- Born: Cara Aisling Augustenborg April 12, 1978 (age 48) Germany
- Other name: 'The Verdant Yank'
- Citizenship: United States Ireland
- Education: University of California, Los Angeles
- Known for: Founded Impact Research Management
- Spouse: Mark Hughes ​(divorced)​
- Scientific career
- Fields: Environmental science
- Workplaces: University College Dublin
- Thesis: Nitrogen recycling for the sustainability of Irish agriculture (2007)
- Doctoral advisor: Irwin Suffet
- Website: www.caraaugustenborg.com

= Cara Augustenborg =

Irish and American environmental scientist

Cara Aisling Augustenborg (born 1978) is an American and Irish environmental scientist, media pundit, assistant professor at University College Dublin and a member of Ireland's Climate Change Advisory Council and President Michael D. Higgins' Council of State.

==Early life and education==
Augustenborg was born in 1978 in Germany where her father, who has Danish ancestry, was stationed as a United States Air Force fighter pilot; her mother is from County Kerry, Ireland. In her childhood she lived in Pennsylvania, Saudi Arabia and New Orleans before the family settled near the Hanford Site, a nuclear power plant in Washington state, United States, where she attended high school. She has a BSc in biochemistry from the University of Washington and an MSc in Environmental Health Sciences and Ph.D. in Environmental Science and Engineering from University of California, Los Angeles. Her 2007 dissertation was titled Nitrogen recycling for the sustainability of Irish agriculture. Irwin Suffet was her committee chair.

She moved to Ireland in 2003 with a Fulbright Scholarship to do research at Teagasc in County Wexford, and in 2007 moved to do post-doctoral research at Trinity College Dublin's School of Business and University College Dublin's School of Agriculture. She has both Irish and American citizenship.

==Career==

Since 2011 Augustenborg has led her own consultancy company, Impact Research Management, based in Bray.

In 2014, Augustenborg was an unsuccessful candidate for the Green Party in Irish local elections.

Augustenborg was chair of Friends of the Earth Europe from 2015 to 2019, and of Friends of the Earth Ireland from 2015 to 2017.

Augustenborg is an assistant professor in landscape studies and environmental policy in the school of architecture, planning and environmental policy at University College Dublin, appointed in 2021.

In 2019, she was appointed by Michael D. Higgins as one of the seven presidential nominees on the Irish Council of State, a body which advises the president.

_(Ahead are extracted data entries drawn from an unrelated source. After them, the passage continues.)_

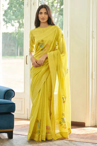 The Daffodil Appliqué Floral Saree, bathed in a sunlit hue, is adorned with delicate appliqué blooms and fine thread detailing across the drape. Paired with a matching blouse for a quietly festive finish. This saree comes with an unstitched blouse piece.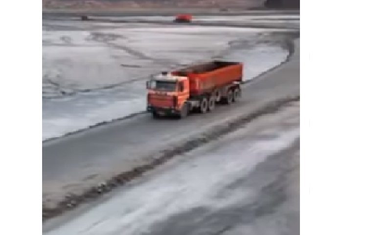Marağadakı Kaveh Soda zavoduna məxsus yüzlərlə qoşqu və bir neçə buldozer və yükləyici gecə-gündüz göl yatağından duz çıxarmaq və yükləməklə məşğuldur.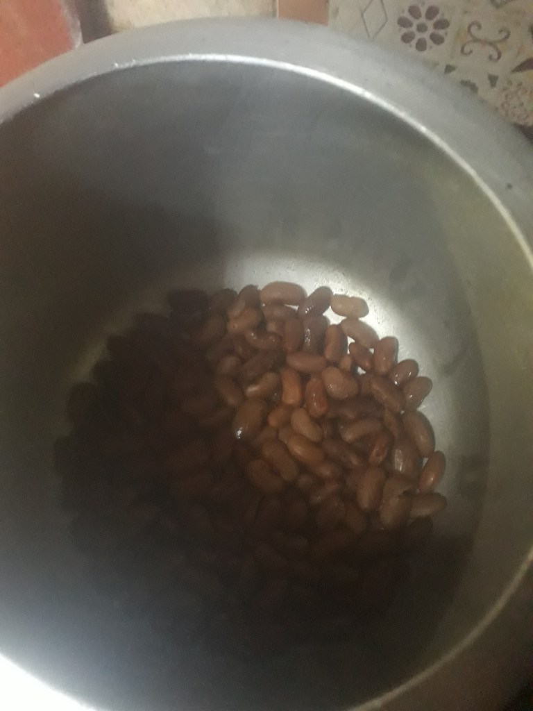 Step 2. After 6-7 hours throw the water, clean it again. And then put these soaked kidney beans in pressure cooker, with equal amount of water. lesser can burn and spoil the beans. Take some extra water, all beans should be dipped in water fully.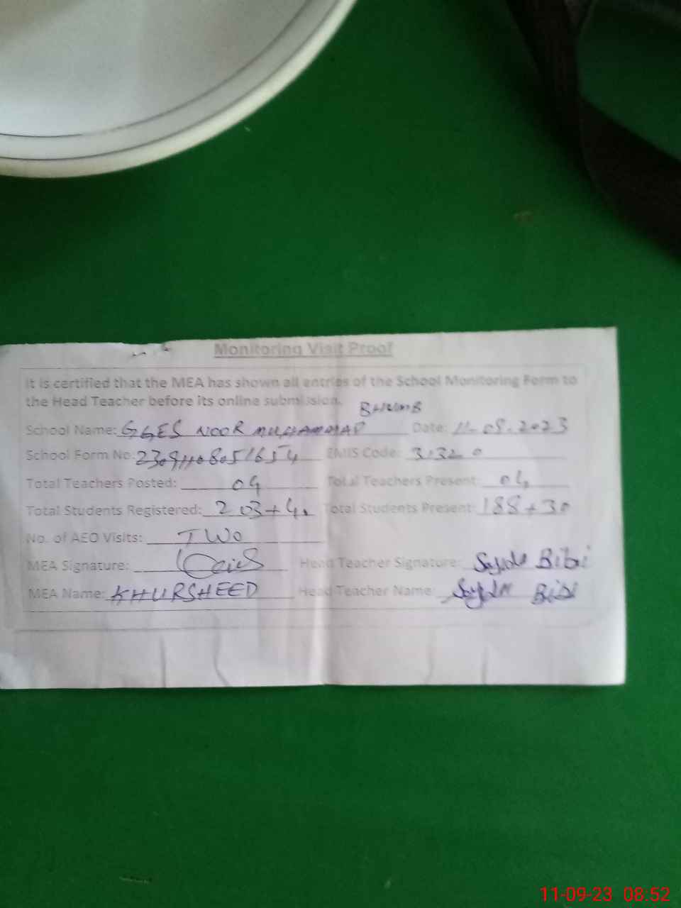 | EMIS Code: 31321028 | Name of School: GGPS NOOR AHMED BHOMB | |||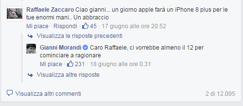 Non era un episodio isolato. Morandi – seguito su Facebook da oltre 1,7 milioni di fan – ha un modo inusuale di reagire agli insulti, tanto da avere ispirato schiere di seguaci, come il sito umoristico “Rispondere agli insulti come farebbe Gianni Morandi“. Un esempio (positivo) da imitare, insomma.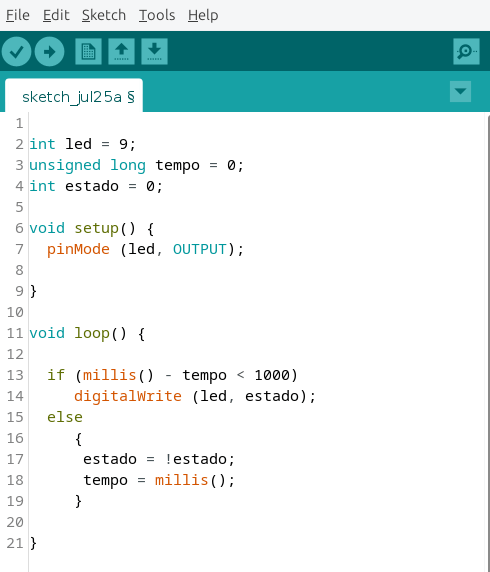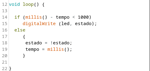 Uma segunda instrução é necessária: na linha 19, o valor que estava guardado na variável tempo é trocada pelo valor mais atual da função millis(). Isto faz com que a subtração volte para o zero e a linha 15 volte a ser executada, só que agora com um novo estado para o LED.
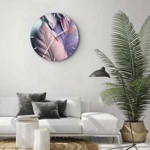 - Un reloj con un motivo de plumas pastel en tonos rosa, morado y menta. Una decoración ligera y elegante para un dormitorio o salón romántico.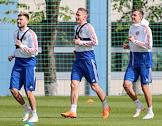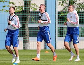 Открытая тренировка сборной России по футболу при подготовке к Чемпионату мира по футболу 2018 FIFA прошла в Учебно-тренировочном центре (УТЦ) "Новогорск". Слева направо: игроки сборной России Владимир Гранат, Андрей Семенов и Артем Дзюба во время тренировки.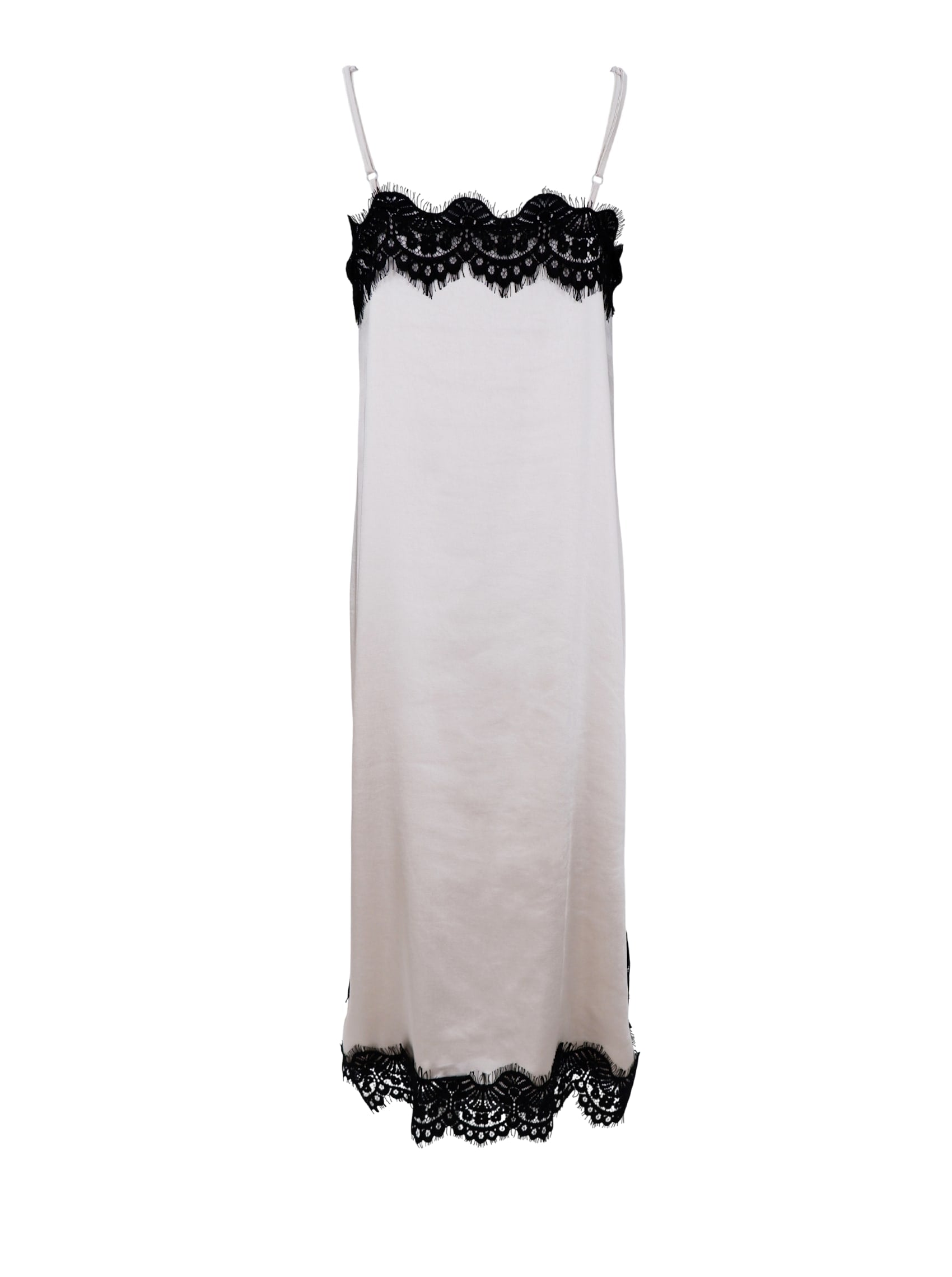 Elegantes Kleid mit dünnen Trägern und wunderschönen Spitzenborten an Ober- und Unterteil. Das Kleid hat eine schöne, gerade Passform, fällt fließend und verleiht einen eleganten Look. Der weiche, leicht glänzende Stoff sorgt für einen exklusiven Touch und macht das Kleid perfekt für festliche Anlässe und den Abend.

In 2021 she was appointed by Eamon Ryan to the Climate Change Advisory Council.

She writes a blog as "The Verdant Yank", which was awarded "Best Irish Current Affairs and Politics blog" in the 2016 Littlewoods Ireland Blog Awards. She hosts a weekly podcast "Down To Earth" on Newstalk.

She was named as "Woman of Influence" in the 2020 Irish Women's Awards.

==Personal life==
Augustenborg was married to Irishman Mark Hughes but the marriage ended in 2016. She lives in Bray, County Wicklow, and has one child. She has said that "If I could change one thing in our society, I would take over the airwaves for a week of non- stop climate content." and that the best advice ever given to her was "Good enough is good enough".